**TASK REQUIREMENTS:** The expected result is a verbatim repetition of the lines from the start of the entries through the line containing "台中市立北新國中(27)日盛", with the pictures removed.

*** Opening INFORMATION ***

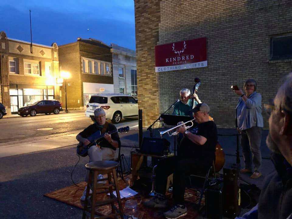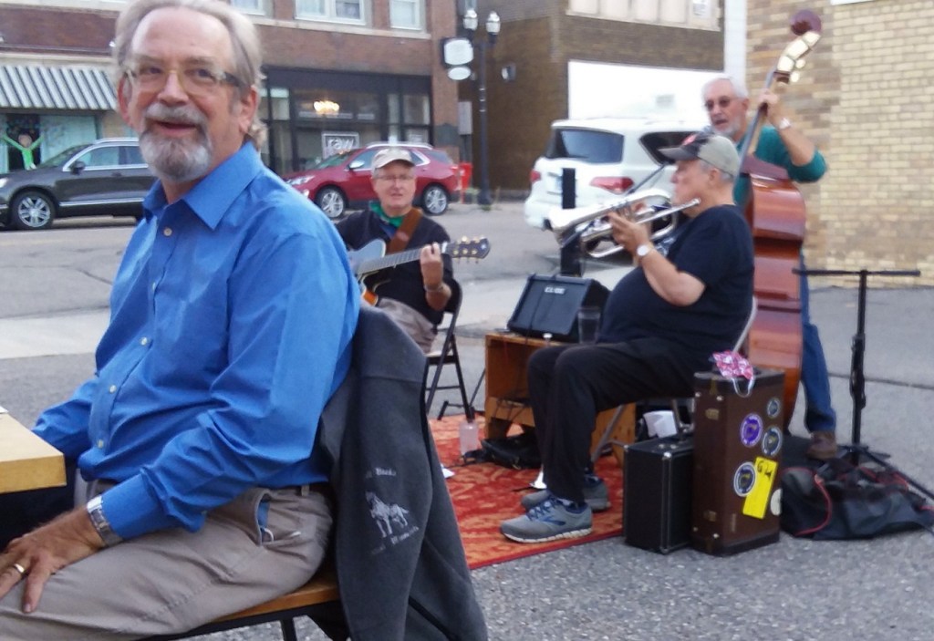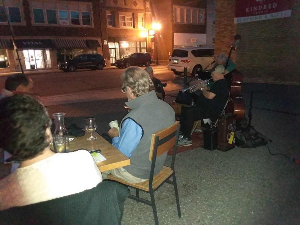 [Another wonderful evening with Terry, Bill, and Jim providing ‘music in the alley’ at the Garden Bar on 6th . . . ]
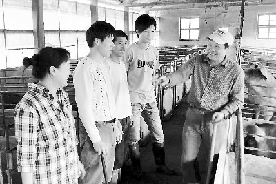 曾金雨(右)在猪场与员工讨论种猪养殖方法。
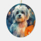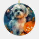 Halloween Havanese With Pumpkins Scary Ceramic Ornament
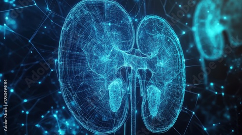 Digital Kidney Blueprint: A futuristic, digitally rendered blueprint of human kidneys, showcasing the intricate network of vessels and structures in a mesmerizing display of medical technology.
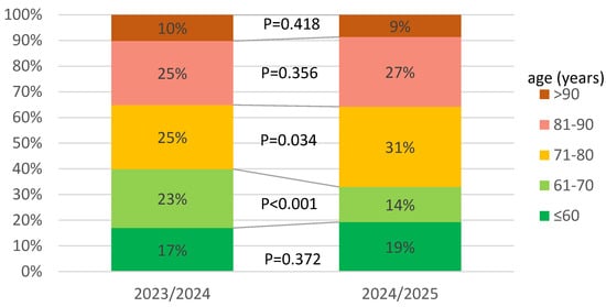 Age distribution of patients hospitalized in 2023/2024 and 2024/2025.
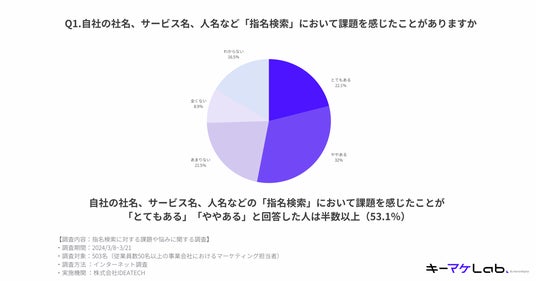 調査結果の詳細■指名検索に関して課題を感じたことが「とてもある」「ややある」と回答した方が53.1%調査によると、自社の社名やサービス名、人名などの指名検索において課題を感じたことが「とてもある」「ややある」と回答した人が53.1%という結果に。
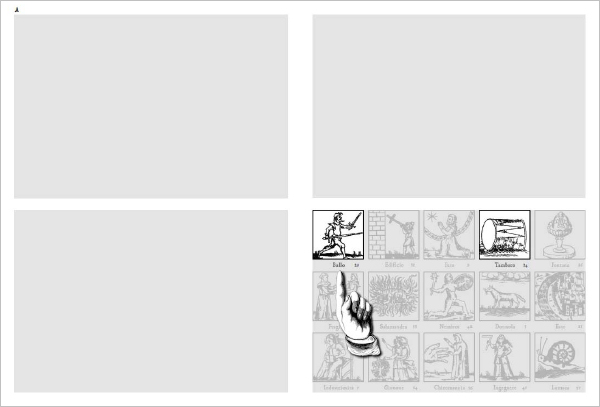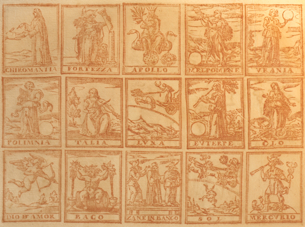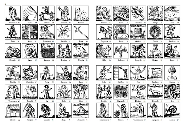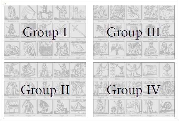 Look at the first image of the group chosen: the first letter of its name will tell you which is the next table. If Tamburo (Drum) is chosen, you’ll be told that the image is in the group IV, whose first figure is the Bullo (Fencer):
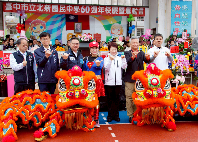 台中市立北新國中(27)日盛大舉行創校60週年校慶,現場嘉賓雲集、氣氛熱烈,親師生、校友、志工及社區夥伴齊聚一堂,共同見證北新國中一甲子的榮耀與傳承。市長盧秀燕也到場獻上祝福,她知道同學們都想趕快參加園遊會,也考量天氣寒冷,簡短致詞表示,祝北新國中生日快樂、校運昌隆,也祝福大家新年快樂。
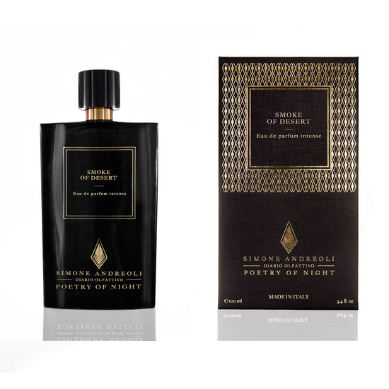 The Scent of Oman- A night time journey into the Oman desert. The night is the poetry of the dark, guardian of drifted thoughts and words with God, the Oman desert, chosen land for the production of the most prestigious incense in the world. An extraordinary resin, in ancient times incense was burned in offering to appease and pay tribute to the gods. SMOKE OF DESERT is a celebration of the most exclusive and pure incense enriched by Elemi, Absynth, Cashmere notes and Leather.
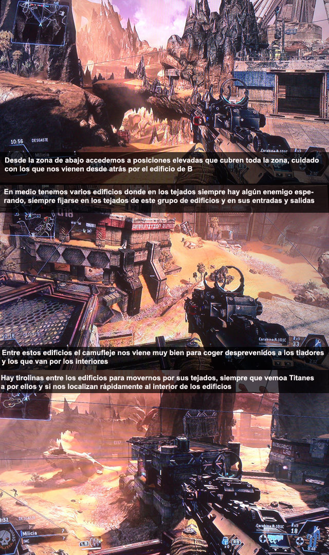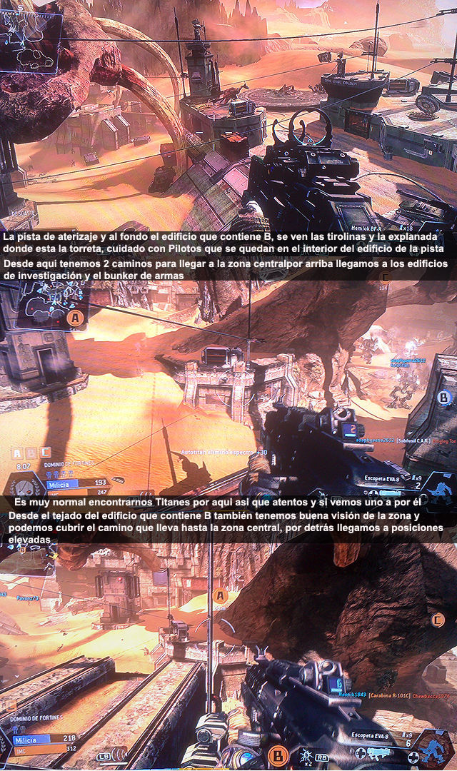 En medio tenemos varios edificios, arriba del todo esta el A en dominio, cerca dos edificios el Bunker de Munición y el laboratorio de investigación. Desde los tejados de ambos podemos cubrir bien la zona en busca de enemigos y Titanes. Hay tirolinas que comunican los edificios, cuidado siempre con los que se ponen en el tejado del laboratorio, que vienen desde el edificio que contiene A y desde la cuesta de la zona roja. Por abajo tenemos una cuesta que nos lleva a posiciones elevadas que cubren bien toda la zona y A.
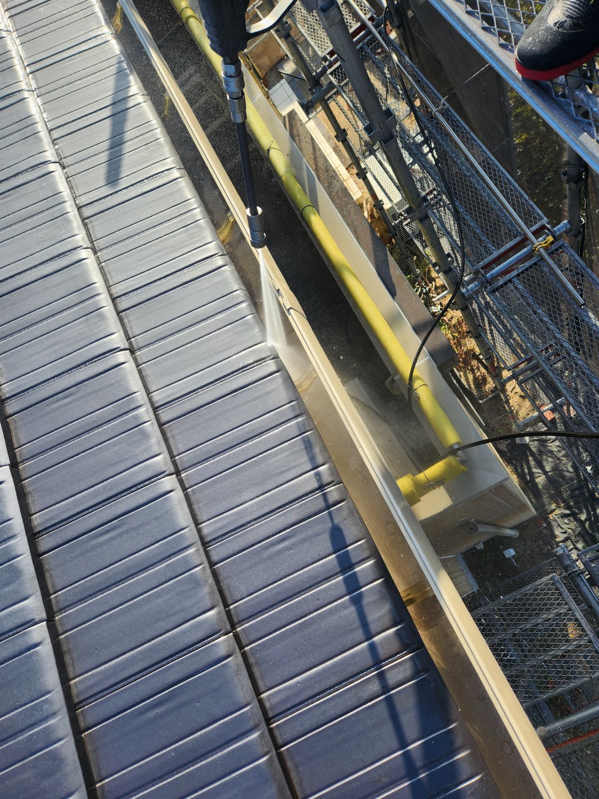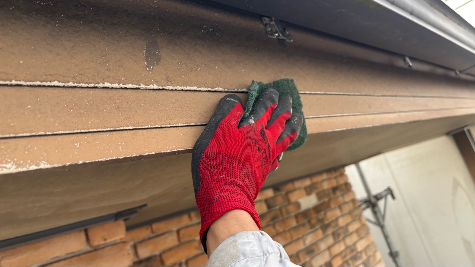 雨樋塗装、鼻隠し・破風板塗装 1回目の様子です

*** Closing INFORMATION ***

**EXERCISE ANSWER:**
 [Another wonderful evening with Terry, Bill, and Jim providing ‘music in the alley’ at the Garden Bar on 6th . . . ]
 曾金雨(右)在猪场与员工讨论种猪养殖方法。
 Halloween Havanese With Pumpkins Scary Ceramic Ornament
 Digital Kidney Blueprint: A futuristic, digitally rendered blueprint of human kidneys, showcasing the intricate network of vessels and structures in a mesmerizing display of medical technology.
 Age distribution of patients hospitalized in 2023/2024 and 2024/2025.
 調査結果の詳細■指名検索に関して課題を感じたことが「とてもある」「ややある」と回答した方が53.1%調査によると、自社の社名やサービス名、人名などの指名検索において課題を感じたことが「とてもある」「ややある」と回答した人が53.1%という結果に。
 Look at the first image of the group chosen: the first letter of its name will tell you which is the next table. If Tamburo (Drum) is chosen, you’ll be told that the image is in the group IV, whose first figure is the Bullo (Fencer):
 台中市立北新國中(27)日盛大舉行創校60週年校慶,現場嘉賓雲集、氣氛熱烈,親師生、校友、志工及社區夥伴齊聚一堂,共同見證北新國中一甲子的榮耀與傳承。市長盧秀燕也到場獻上祝福,她知道同學們都想趕快參加園遊會,也考量天氣寒冷,簡短致詞表示,祝北新國中生日快樂、校運昌隆,也祝福大家新年快樂。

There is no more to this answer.